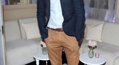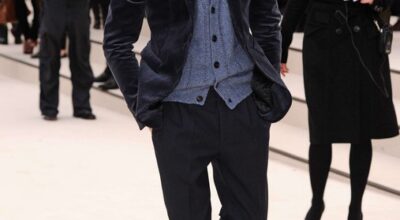 Eddie Redmayne con pantalones en camel y chaqueta azul.
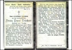 ∞ 30.4.1910 Paul Dücker, 5 Kinder davon 1 jung †; 4jährige schwere Krankheit |
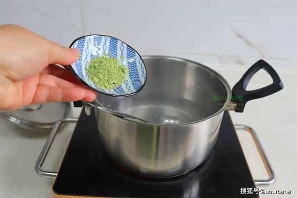 步驟3:大約煮30秒左右,快速加入抹茶粉,並且攪拌均勻。抹茶粉,剛入鍋裡的時候,浮在水面上,需要用勺子攪拌,抹茶粉遇到水,才可以溶解。
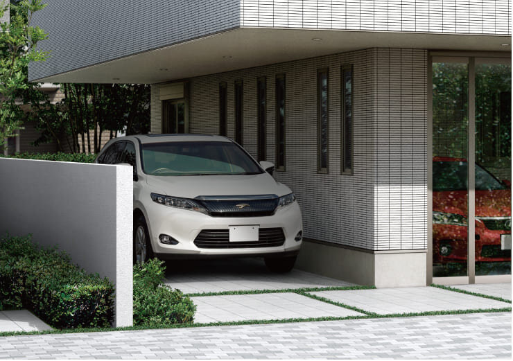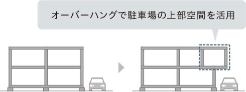 重量鉄骨ラーメン構造は、上層階の空中への張り出し幅が3.6mまで可能。上層階にはプラスαの空間であるオーバーハングルームがつくれると同時に、張り出し部分の下はガレージなどに利用できます。

EXERCISE PROMPT -
Repeat the material above word for word, please, apart from its images.

SOLUTION TO THIS PROBLEM -
 Eddie Redmayne con pantalones en camel y chaqueta azul.
 ∞ 30.4.1910 Paul Dücker, 5 Kinder davon 1 jung †; 4jährige schwere Krankheit |
 步驟3:大約煮30秒左右,快速加入抹茶粉,並且攪拌均勻。抹茶粉,剛入鍋裡的時候,浮在水面上,需要用勺子攪拌,抹茶粉遇到水,才可以溶解。
 重量鉄骨ラーメン構造は、上層階の空中への張り出し幅が3.6mまで可能。上層階にはプラスαの空間であるオーバーハングルームがつくれると同時に、張り出し部分の下はガレージなどに利用できます。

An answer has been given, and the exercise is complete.